В санатории к нему все привыкли. И спрашивали у Нины Игнатьевны:
— Где ваш сын?
— Скоро придет.
Он приходил…
Глаза у Гриши были такие же восторженные, как у его матери. Только без лихорадочного оттенка.
Во время «тихого часа» Гриша носился по опустевшим белоствольным аллеям. Он собирал грибы и «сдавал» их на кухню. После ужина Нина Игнатьевна провожала сына в город и возвращалась; ей тоже полезно было ходить.
Потом Гриша перестал бегать по аллеям и искать грибы: он начал искать меня. А обнаружив, не отрывался ни на шаг. Это раздражало Геннадия Семеновича:
— У ребенка должны быть свои интересы!
Какие интересы были у самого Геннадия Семеновича, я не догадывалась, но Нина Игнатьевна объяснила мне:
— Они оба в вас влюблены.
Гриша заваливал меня земляникой и полевыми цветами. Геннадий Семенович же предлагал заморские таблетки и капли, с помощью которых намеревался «спасти» мое сердце.
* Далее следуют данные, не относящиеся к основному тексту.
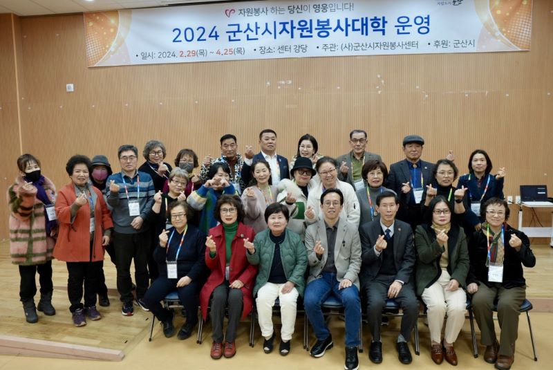 [군산=뉴전북] 사단법인 군산시자원봉사센터(이사장 황진)는 자원봉사리더를 양성하고자 29일 군산시자원봉사센터 강당에서 ‘2024 군산자원봉사대학’ 입학식을 개최하였다고 밝혔다.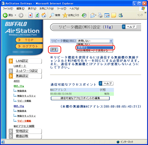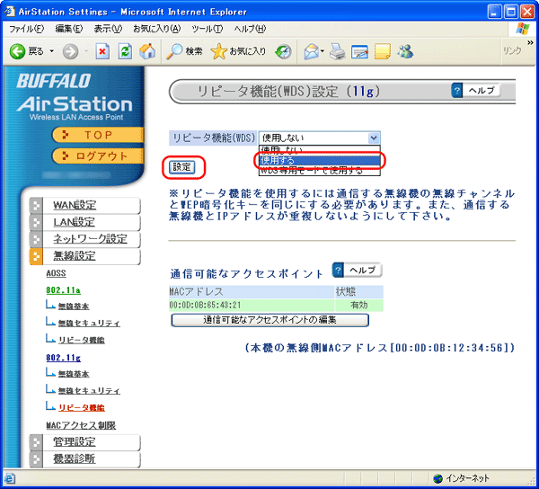 「リピータ機能(WDS)」欄で「使用する」を選択して、[設定]をクリックします。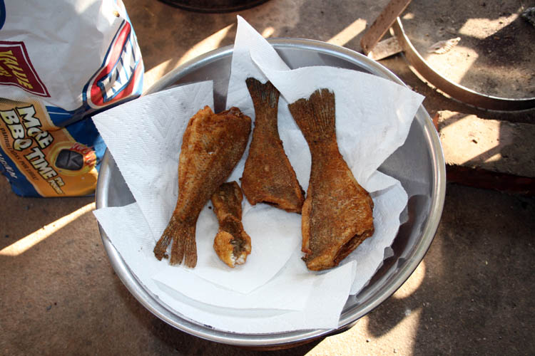 Close up pix of deep fried roe aka Poor Man's Caviar with all the trimmings.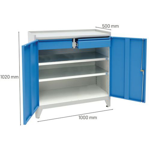 | Productnaam | Gereedschapskast op poten, Max. belasting: 160 kg, Materiaal: Staal, Totale hoogte: 1020 mm, Aantal laden: 2 |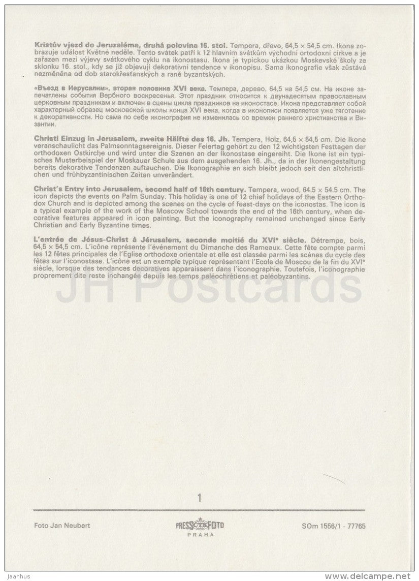 painting - Christ´s Entry into Jerusalem , 16th century - Russian art - large format card - Czechoslovakia - unuse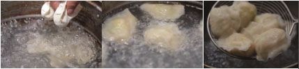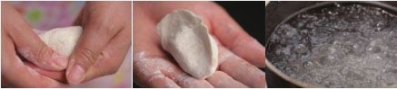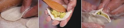 取一饺子皮,左手做碗状拿稳饺子皮,右手捏饺子边。放入适量的馅儿,对折,一捏,就成饺子了。锅中水烧开,放入饺子,大火煮开。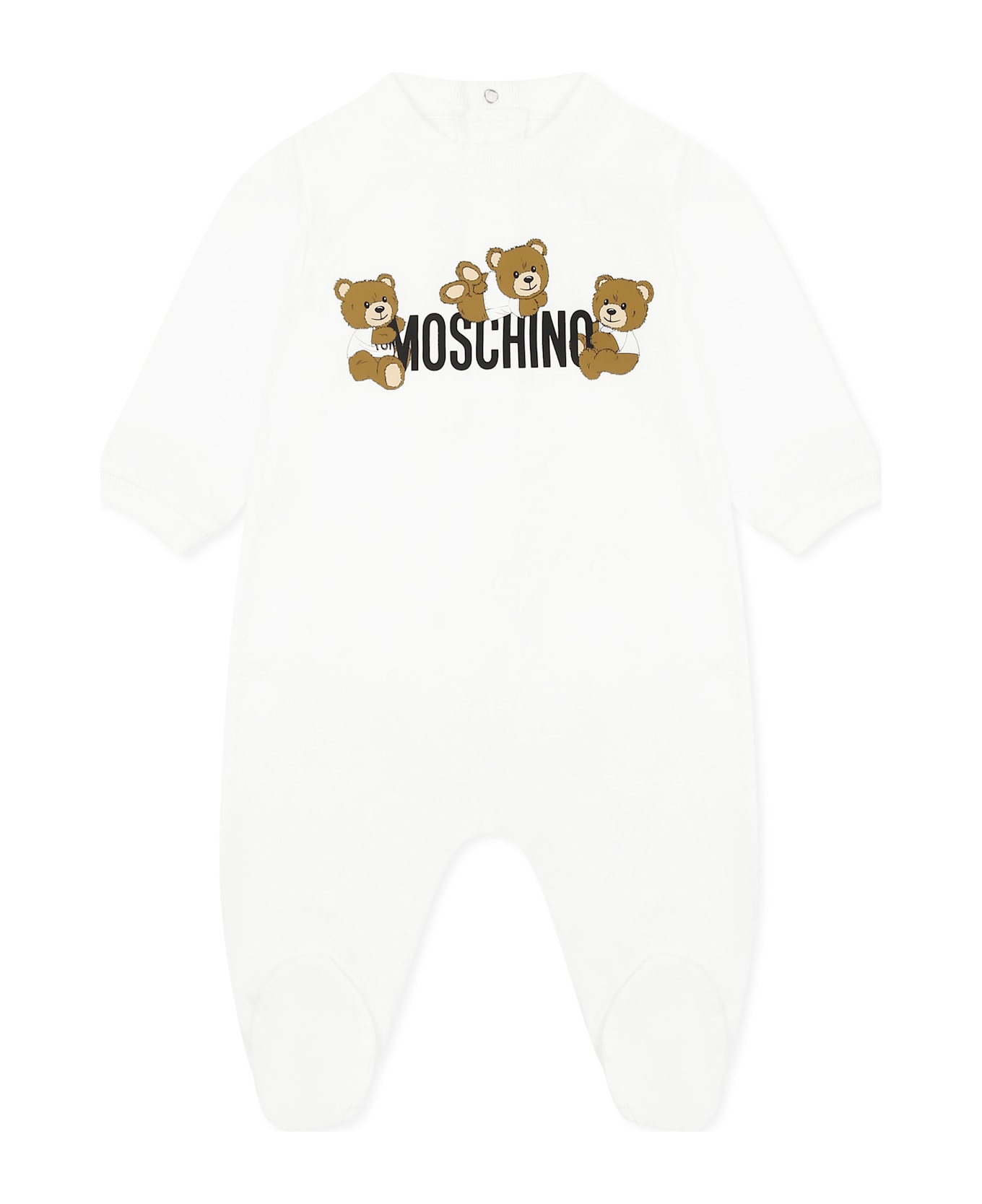 White babygrow from the Moschino Kids brand, in cotton, with long sleeves, ribbed crew neck and cuffs, feet and snap buttons on the back. It is embellished with three Teddy Bears and logo on the front.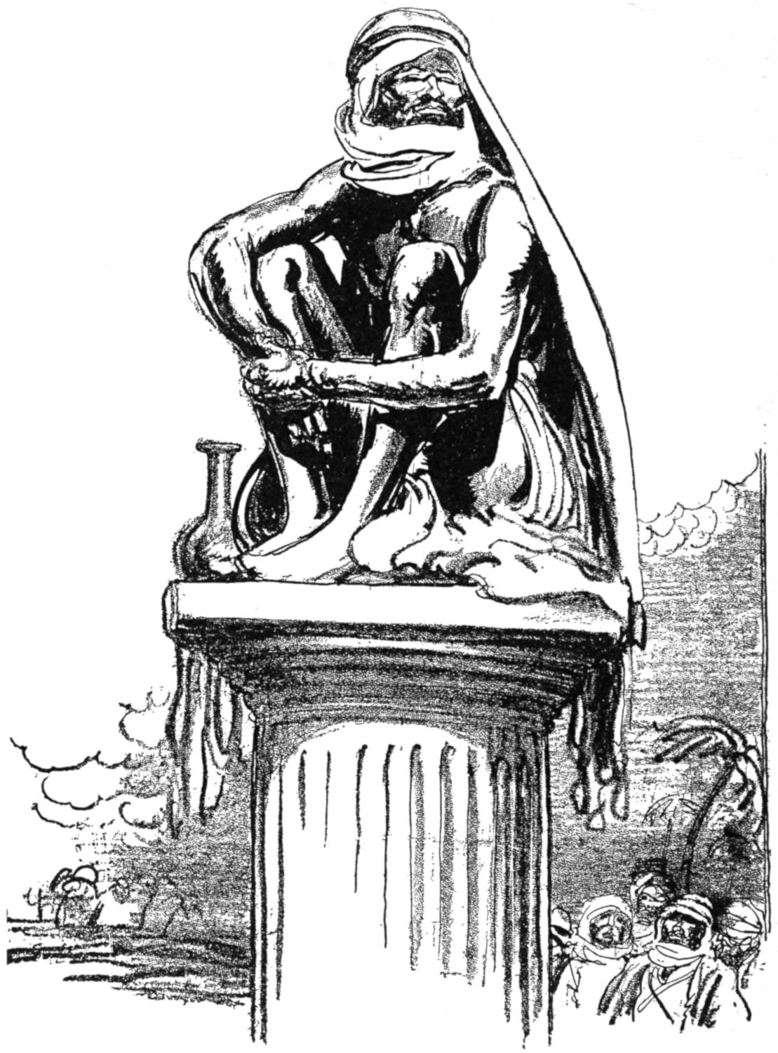 Buhram, who gleefully murdered 931 men, was a member of the Thuggee sect—a gang of professional murderers who flourished in India in 1830 before the English suppressed them. The Thugs were worshippers of Bhowanee; and to this god they sacrificed anybody that came handy; but they were careful to keep the dead man’s things themselves as they believed the god cared only for the corpse. Men were initiated into this sect with solemn ceremonies. Then they were taught how to strangle a person with the sacred choke-cloth, but were not allowed to perform officially with it until after long practice. It required practice to choke a man expertly. Then the job was done instantaneously; the cloth was whipped around the victim’s neck, there was a sudden twist, and the head fell silently forward, the eyes starting from the sockets; and all was over.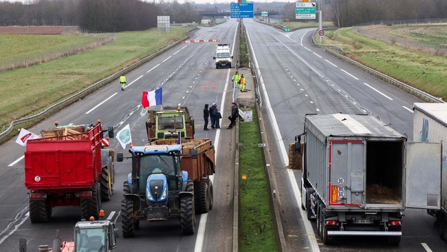 Paris - Para petani Prancis kembali memblokir jalan dengan traktor. Aksi ini dilakukan memprotes kenaikan harga dan pajak kepada petani.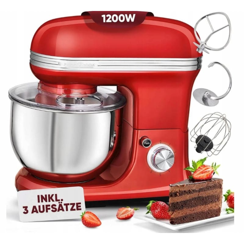 Robot kuchenny Profi Cook PC-KM 1197 1200 W Robot planetarny to idealne urządzenie do ugniatania i mieszania. Mocny i stabilny silnik zamknięty w pięknej, aluminiowej obudowie retro to nie tylko przydatne urządzenie, ale także stylowy dodatek. 8 trybów mieszania, program wolnych obrotów, trzy różne mieszadła - wszystko to zapewnia wysoki komfort pracy. 5 litrowa miska ugniata nawet do 3 kg cięższego ciasta np. drożdżowego lub chlebowego.Mocna maszyna do zgniatania ciasta z profesjonalnym, trwałym silnikiem o dużej mocy 1200 WMasywna aluminiowa obudowa odlewana ciśnieniowo (lakierowana) zapewniająca dużą stabilność urządzeniaSolidny specjalny mechanizm zapewniający trwałość i wysoką wydajność urządzeniaStała moc dzięki elektronicznej regulacji obrotów zależnej od obciążenia8 ustawień prędkości (0/1/2/3/4/5/6 + pulsowanie)Płynny rozruch umożliwiający powolne mieszaniePodświetlane pokrętło regulacyjneMiska ze stali nierdzewnej o pojemności 5,0 litrów, do przygotowania maksymalnie 2,5 – 3 kg ciastaUchylne, wielofunkcyjne ramię z mechanizmem odblokowaniaPrzeźroczysta pokrywa z otworem do napełniania (zdejmowana)Wyłącznik bezpieczeństwa – działa w przypadku ramienia wychylnegoOdlewane ciśnieniowo aluminiowe haki do ugniatania – do ciężkich mas na przykład ciasta drożdżowego lub na chlebOdlewane ciśnieniowo aluminiowe haki do mieszania np. ciastka, kruszonki i biszkoptyTrzepaczka ze stali nierdzewnej do ubijania jajek, śmietany i innych produktówZapewniona łatwość obsługi i czyszczeniaStabilna i bezpieczna pozycja dzięki nóżkom na przyssawkachUchwyt do szybkiego mocowania narzędziSolidne ramię przestawne(35°)Zalety robota ProfiCookStała moc dzięki regulacji obrotów umożliwia dokładne przyrządzenie masy, ciastaTryb pulsacyjny pozwoli na całkowitą kontrolę nad urządzeniem, sprawdzi się idealnie gdy chcemy coś lekko rozdrobnić lub delikatnie wymieszać8 stopniowa regulacja prędkości pozwala na dokładny dobór obrotów do przyrządzanego pożywieniaNóżki z przyssawkami zapewnią stabilność urządzeniaSolidna konstrukcja przekładni napędu gwarantuje trwałość urządzeniaDuża ilość akcesoriów umożliwi zastąpienie wielu urządzeń jednym

Но так как спасаться мне было не от чего, я однажды сказала:
— Это, наверно, для вашего возраста?
Геннадий Семенович не растерялся:
— Даже «Кармен» и «Травиата» были оценены не сразу. Я тоже не рассчитываю на молниеносный успех. Правда, Верди и Бизе не были ограничены сроками санаторной путевки.
У Гриши перед Геннадием Семеновичем имелись явные преимущества: он не должен был отлучаться на процедуры. Сопровождая меня, он не останавливался то и дело, чтобы определить пульс, и не возвращался в санаторий, чтобы проверить кровяное давление. Поскольку с давлением и пульсом у шестиклассника все было в порядке, он не отклонялся от своего «главного увлечения». А главным увлечением Геннадия Семеновича являлся все же он сам.
Так уверял профессор Печонкин… И я начинала с ним соглашаться. Но Нина Игнатьевна воспротивилась:
— Желать себе выздоровления — это не порок. Это естественно! Драматичность инфарктов именно в том, что после них надо к себе прислушиваться. Контролировать свое состояние. И хоть у Геннадия Семеновича был микроинфаркт, его обвинять нельзя.